Find if the series $\sum_1^\infty (-1)^n\frac{\ln (n)}{n}$ converges or diverges

Question

Find if the series $\sum_1^\infty (-1)^n\frac{\ln (n)}{n}$ converges or diverges.

My attempt: This is an alternating series problem in the form $(-1)^{n-1}b_n$

Let $b_n=\frac{\ln (n)}{n}$

Considering related function $f(x)=\frac{\ln (x)}{x}$;$f'(x)= \frac{1-\ln x}{x^2} $

$f'(x)<0$ when $\ln x>1\rightarrow x>e $. Therefore, $b_n$ is decreasing function when $n>e$

$\lim \limits_{n \to\infty}b_n=\lim \limits_{n \to\infty}\frac{\ln(n)}{n}=\frac{1/n}{1}=\frac{1}{n}\rightarrow0$ as $n\rightarrow \infty$

Therefore series converges by alternating series test. Am I on the right track? I was not sure if I can apply thr alternating series test here as $b_n$ is not decreasing for all values of n. Any help is much appreciated.

Answer 1

Note that

$$\frac{\ln (x)}{x^a}\to 0$$

for all $a>0$.

It is a standard limit which can be easily proved by l’Hopital.

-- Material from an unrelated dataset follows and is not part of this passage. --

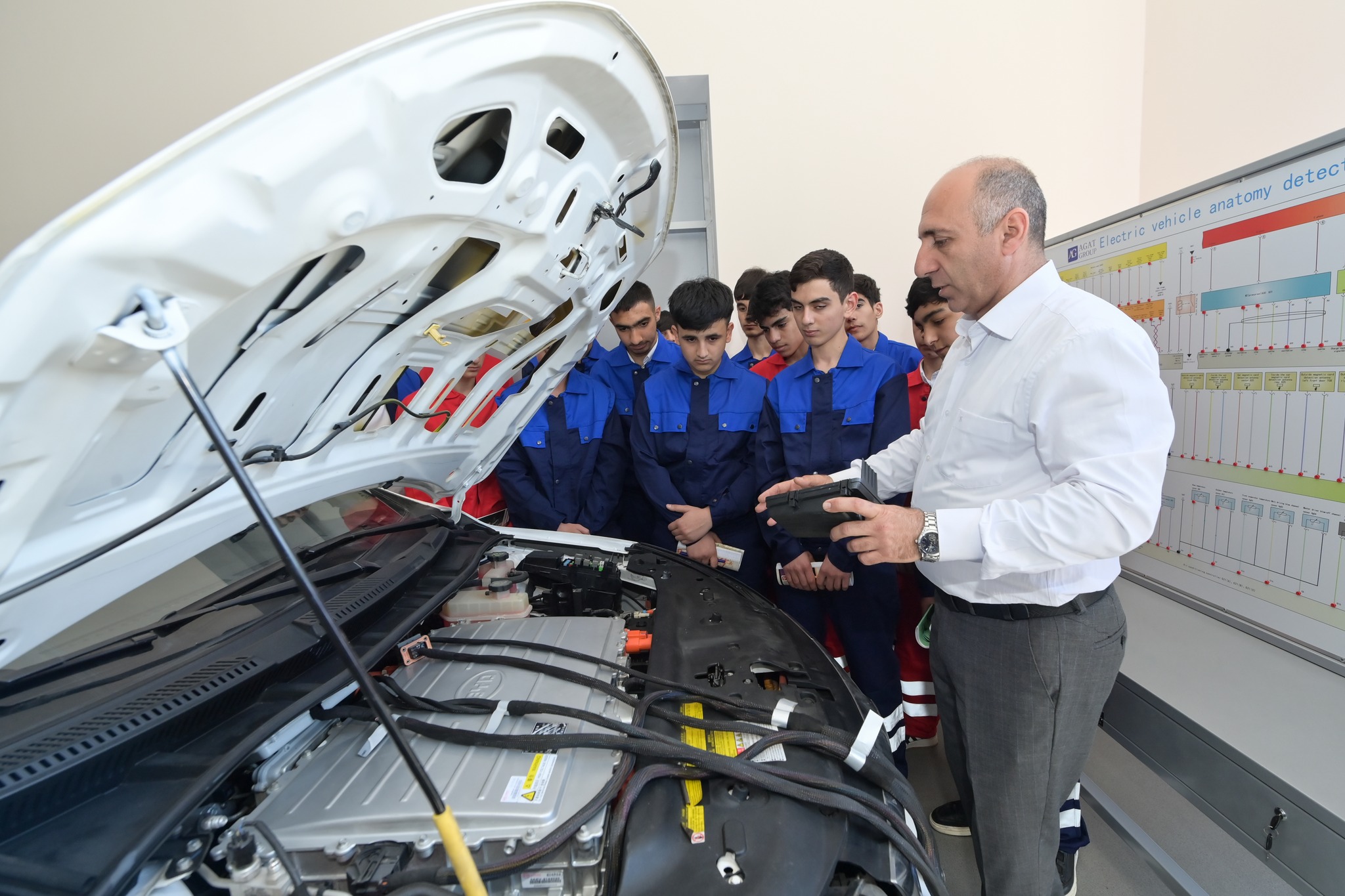 Avtosevis emalatxanası xüsusilə maraqlı idi – buradakı avadanlıqlara Bakıdakı avtoservislərin əksəriyyəti qibtə edə bilər. Tələbələr avtoservisdə nəinki adi, eləcə də son illər çox yayılan elektrik və hibrid avtomobillərini təmiri və diaqnostikasını öyrənirlər. Bu Azərbaycanda yeni peşələrdən biridir, hazırda bu ixtisasda 20 tələbə qəbul olunub. Dərslərin həm praktiki, həm də nəzəri aparıldığı servis bütün avadanqlıqlarla təmin olunub. Burada yük və minik avtomobilləri üçün xüsusi simulyatorlar fəaliyyət göstərir, bu tələbələrə özlərini təkmilləşdirməyə imkan verir, həm də avtomobil sürmək öyrədilir.

Thus you are done and the series converges.

Answer 2

It is correct. What you did proves that the series $\displaystyle\sum_{n=3}^\infty(-1)^n\frac{\ln n}n$ converges. It follows from this fact that your series converges too.

Answer 3

You are exactly right, alternating series test on a series that goes to 0. You are on the right track. The limit as n goes to infinity goes to 0 and the fact that $b_n$ is decreasing is all you need.